Background: Tumor angiogenesis is considered a multi-pathway process, while p21(WAF1/CiP1) is a CDK inhibitor involved in cell division and survivaL Herein the tumor environment effect on endothelial p21(WAF1/Cip1) expression is examined.
Materials and methods: The EA.hy 926 endothelial cell line and tumor-conditioned medium (TCM) from the MDA-MB-468 breast cancer cell line were used. Endothelial cells grown alone and in TCM were immunostained for p21(WAF1/Cip1) and analyzed by RT-PCR Forty-four cases of breast cancer and forty-three cases of normal breast tissue were immunostained for p21(WAF1/Cip1).

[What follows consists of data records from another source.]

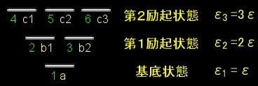 エネルギー固有値は3つあり,上記のとおりとします。第1励起状態は2重に縮退,第2励起状態は3重に縮退しているとします。つまり,固有状態は合計で6個あり,同じエネルギーを持つ微視的状態を区別するためには,第2励起状態は2a,2b,および,第3励起状態は3a,3b,3cという記号も必要に応じて使います。
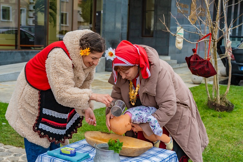 В рамките на възстановката беше представен обредът „обредно поливане“, съпроводен с традиционни благословии за здраве, дълголетие и благополучие. Ритуалът символизира почитта към възрастните жени и акушерките, които в миналото са оказвали помощ на родилките и е част от богатото българско обредно наследство.
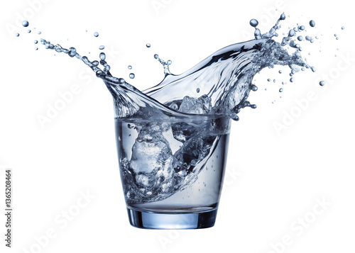 Refreshing Splash of Water with Ice Cubes in a Glass on Black Background a Stunning Closeup Photography
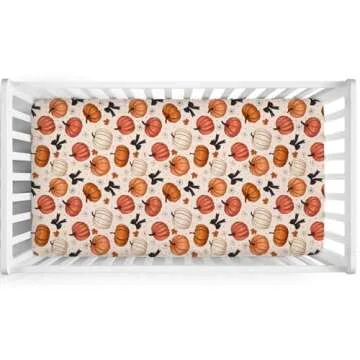 Fall Pumpkin Bows Daises Baby Crib Sheets 52''x28'' Vintage Autumn Pumpkins Maple Leaves Dots Fitted Crib Mattress Cover for Boy Girl Thanksgiving Soft Bed Sheet for Standard Crib Toddler Mattress
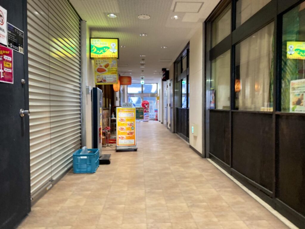 東口デッキを進むとすぐ看板が見えてきます。訪問時はお昼ピークを過ぎた14時近くでしたが、店内には5組ほどが入れ代わり立ち代わり訪れていました。
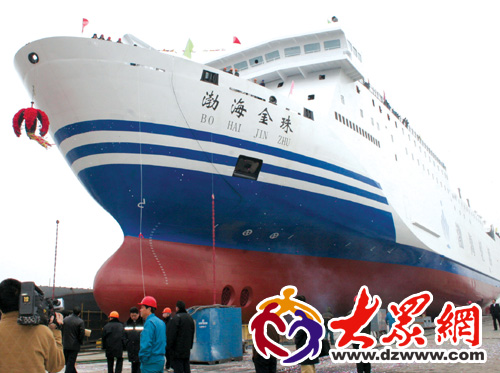 |  2月28日,我國自行設計建造的最大客滾輪“渤海金珠”號在石島順利下水。據介紹,“渤海金珠”輪總長161.2米,滿載排水量14000噸,可載客1160人,裝載長度15米的重型汽車120輛,可抗9級大風。6個月后,該輪將投入渤海灣黃金水道——煙臺至大連航線。 |
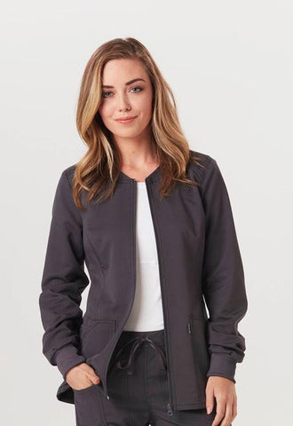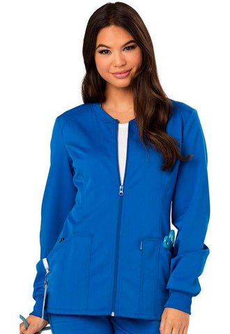 A Contemporary fit, zip front warm-up jacket features multifunction pockets that hold all your gear, along with an inside snap-closure pocket that reveals the message, smile, love, connect. Also featured is an instrument loop and rib knit cuffs. Center back length: 27
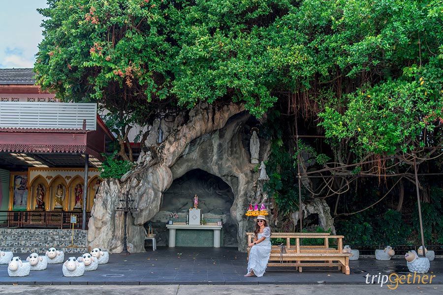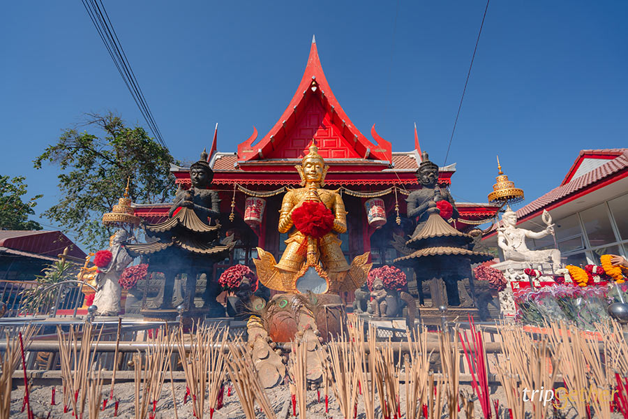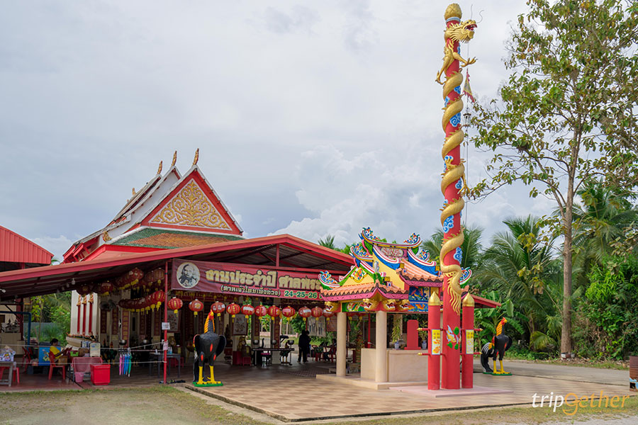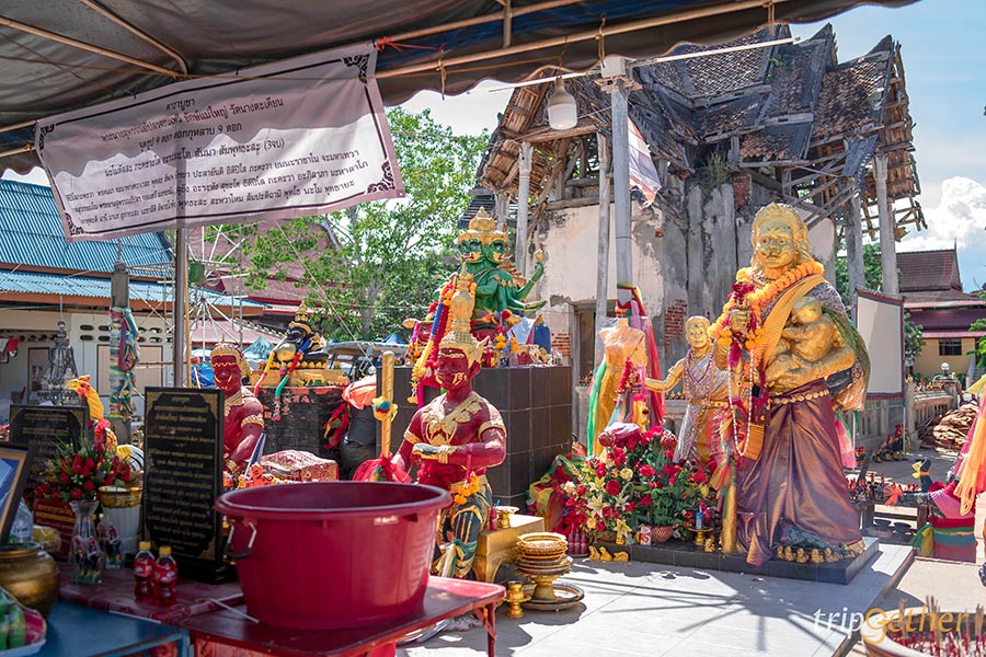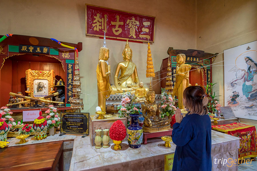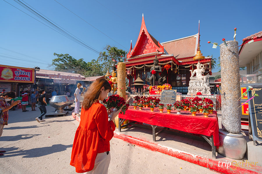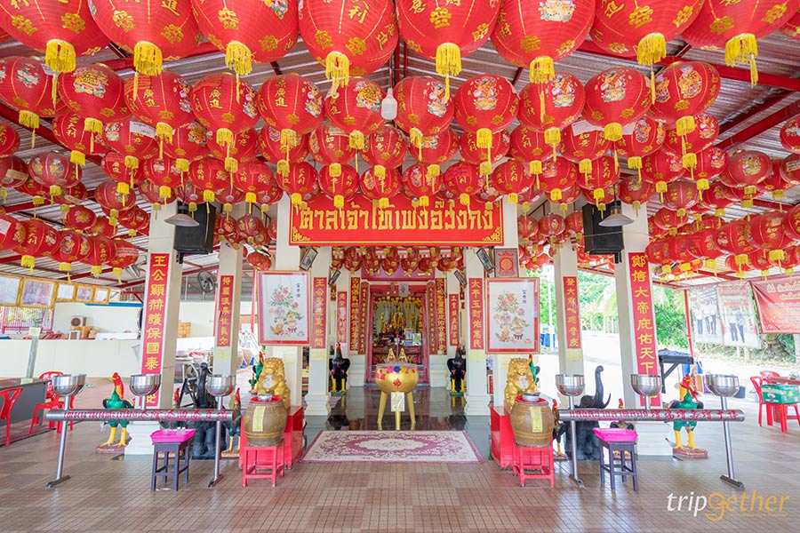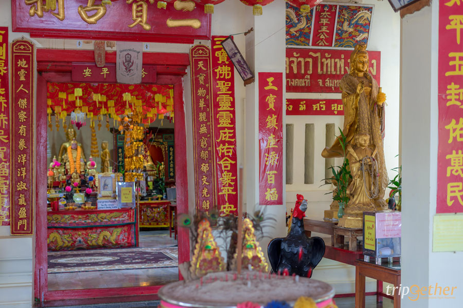 ศาลเจ้าไทเพ่งอ้วง ศาลเจ้าจีนริมแม่น้ำแม่กลอง เมื่อมาถึงแล้วเราจะพบกับจุดให้ได้กราบขอพรเยอะมาก เร่ิมจากจุดแรกจะต้องมาไหว้ หลวงพ่อโตหรือซำปอกง ซึ่งเป็นพระประธานในศาลเจ้า ต่อด้วยไหว้ด้านซ้ายที่เป็นพระบรมรูปสมเด็จพระเจ้ากรุงธนบุรี สามารถขอพรด้านการค้า ธุรกิจรุ่งเรือง และต่อด้วยด้านขวาที่เป็นองค์เทพเจ้าไท้เพ่งอ๊วงกง สามารถขอพรเรื่องความร่มเย็นสงบสุขได้ หลังจากกราบไหว้ตามนี้แล้วก็สามารถมาขอพรกับสิ่งศักดิ์สิทธิ์ต่อได้ ไม่ว่าจะเป็นองค์เจ้าพ่อเสือ เสาหลักเมือง พระเจ้าตากสินมหาราช พระแม่กวนอิม พระอรหันต์ หลวงพ่อโต

Results: Endothelial p21(WAF1/Cip1) is transcriptionally down-regulated under the influence of TCM. Moreover, it seems that breast cancer tumor endothelium does not express p21(WAF1/Cip1).
Conclusion: P21(WAF1/Cip1) plays a major role in angiogenesis, since tumor cells seem to down-regulate endothelial p21(WAF1/Cip1), compared to endothelial cells grown in serum-free medium. The verification of the tissue culture experiment results by immunohistochemistry on tissue sections indicates p21(WAF1/Cip1) as a target of modern molecular therapy.